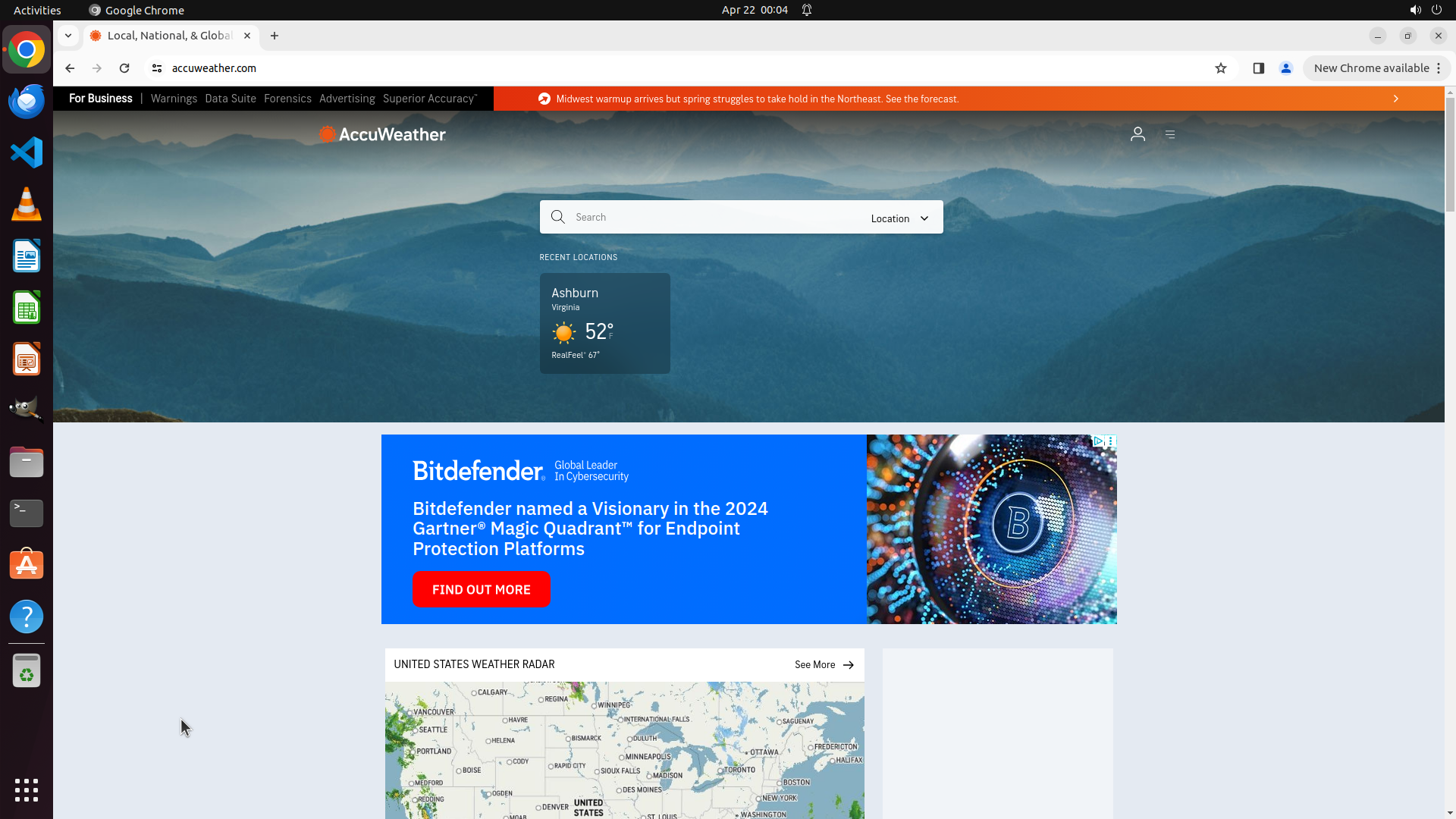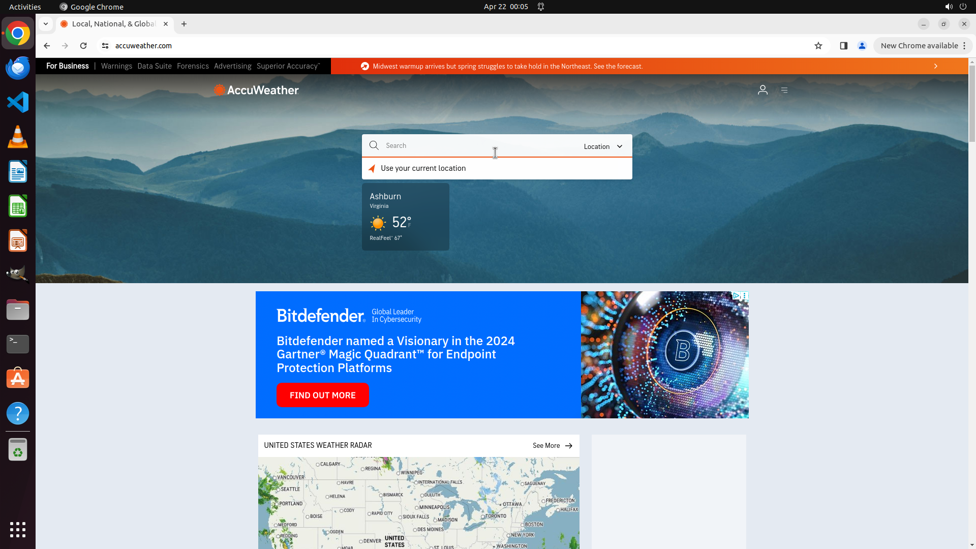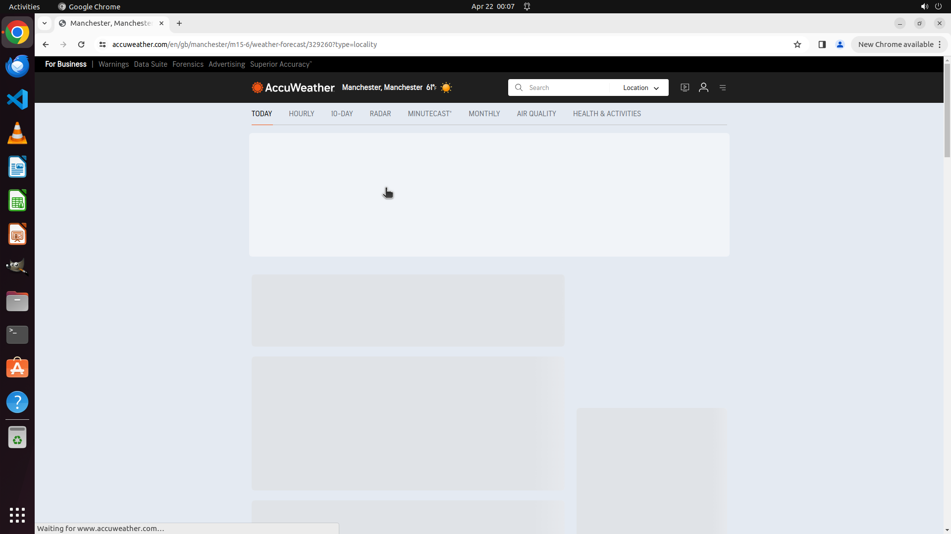 - The page is still loading content (showing "Waiting for www.accuweather.com..." at the bottom)
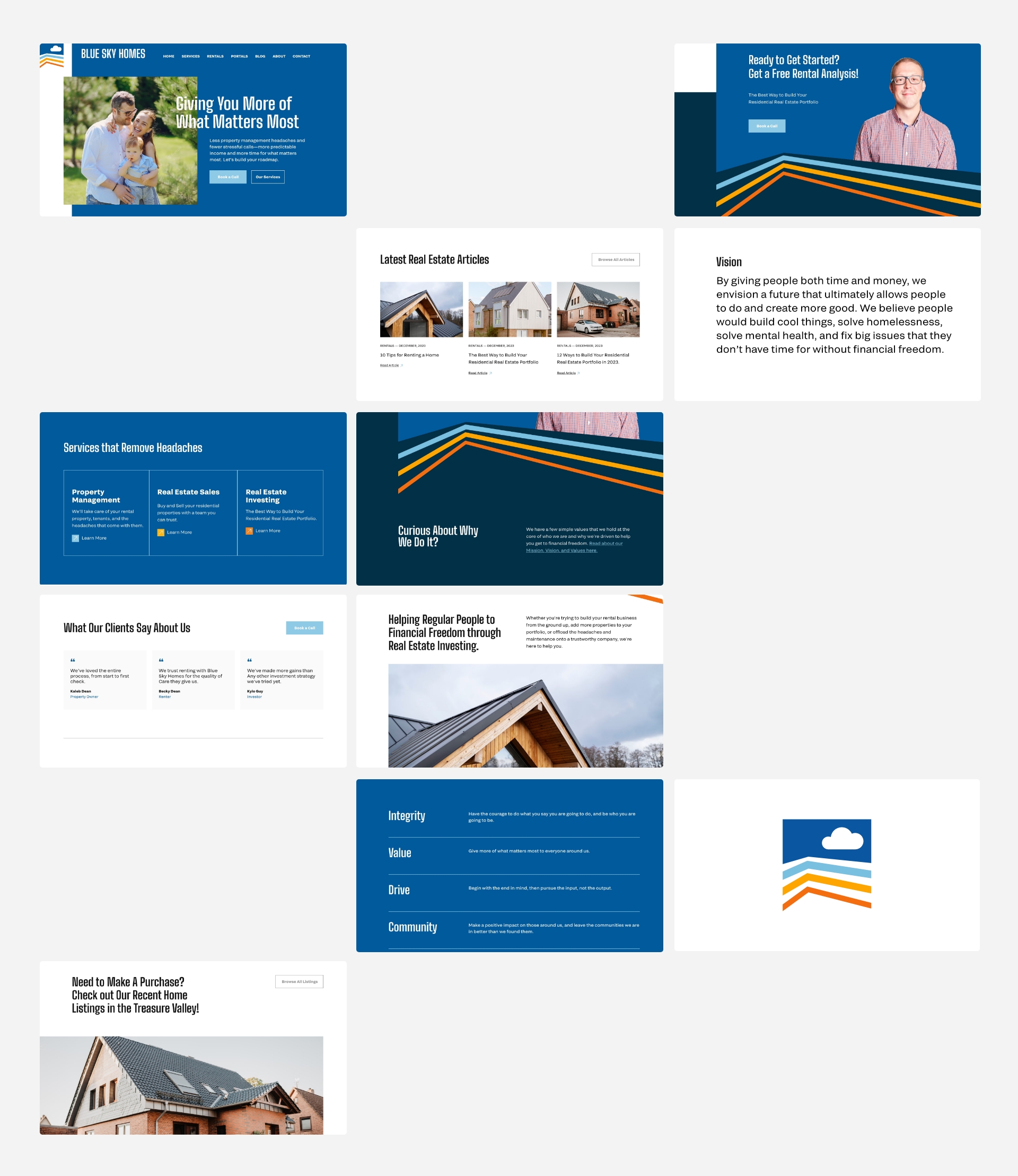 With the housing market heating up in Idaho, Blue Sky Homes approached Studio Ostendo about launching a new brand identity that would not only capture the booming real estate business but also allow them to develop their property management and real estate investing platforms.
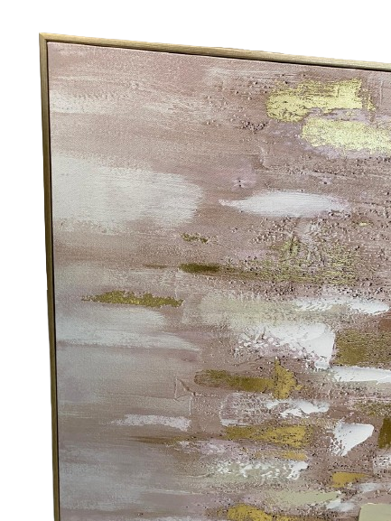 Quadro decorativo feito em canvas, nas cores branco, rose e dourado, e moldura em dourado.
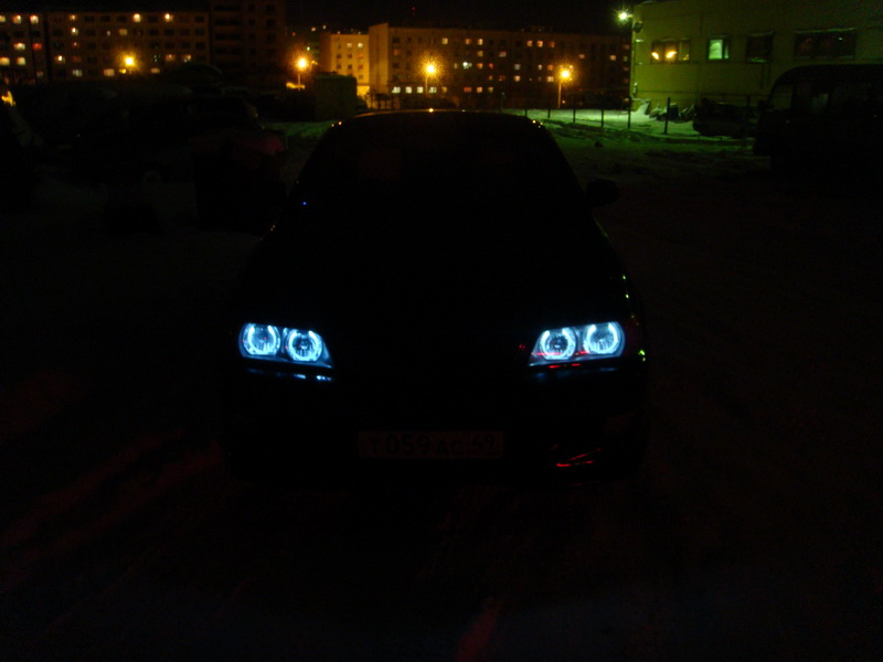 Вообщем хватит, приступим к статье. Ангельские глазки для вашей машины своими руками Своими руками за пару часов можно изготовить хорошо известные ангельские глазки BMW для практически любых фар с круглой оптикой. Для этого понадобится немного: прозрачные пластмассовые палочки (например, те которыми управляются жалюзи), резисторы на 220ом, светодиоды на 3,5 вольта, любая прочная банка диаметром, соответствующем диаметру фары, плоскогубцы и батарейка на 9 вольт. Формообразующая банка должна быть неподалеку. Вот уже что-то похожее на круг. Затем возьмите светодиод и резистор. Произведите сборку радиодеталей. Если нет паяльника, то можно все скрепить, как на фото. Проверяем с девятивольтовой батарейкой. Заматываем изолентой. Отпиливаем лишнее, сводим концы в идеальную окружность и гладко шлифуем торцы. Берем еще один светодиод и скрепляем их вместе. Делаем не очень глубокие насечки кухонным ножом, а затем пропиливаем более глубокие полоски. Собираем кольцо и скрепляем изолентой. В итоге получаем: Остается имплотировать в фару, и строить глазки всем) Спасибо! — Aleks_Vl

▸ Work to be completed
Whenever a picture appears in the listing, leave it out; copy everything else exactly.

▸ Exercise solution
 - The page is still loading content (showing "Waiting for www.accuweather.com..." at the bottom)
 With the housing market heating up in Idaho, Blue Sky Homes approached Studio Ostendo about launching a new brand identity that would not only capture the booming real estate business but also allow them to develop their property management and real estate investing platforms.
 Quadro decorativo feito em canvas, nas cores branco, rose e dourado, e moldura em dourado.
 Вообщем хватит, приступим к статье. Ангельские глазки для вашей машины своими руками Своими руками за пару часов можно изготовить хорошо известные ангельские глазки BMW для практически любых фар с круглой оптикой. Для этого понадобится немного: прозрачные пластмассовые палочки (например, те которыми управляются жалюзи), резисторы на 220ом, светодиоды на 3,5 вольта, любая прочная банка диаметром, соответствующем диаметру фары, плоскогубцы и батарейка на 9 вольт. Формообразующая банка должна быть неподалеку. Вот уже что-то похожее на круг. Затем возьмите светодиод и резистор. Произведите сборку радиодеталей. Если нет паяльника, то можно все скрепить, как на фото. Проверяем с девятивольтовой батарейкой. Заматываем изолентой. Отпиливаем лишнее, сводим концы в идеальную окружность и гладко шлифуем торцы. Берем еще один светодиод и скрепляем их вместе. Делаем не очень глубокие насечки кухонным ножом, а затем пропиливаем более глубокие полоски. Собираем кольцо и скрепляем изолентой. В итоге получаем: Остается имплотировать в фару, и строить глазки всем) Спасибо! — Aleks_Vl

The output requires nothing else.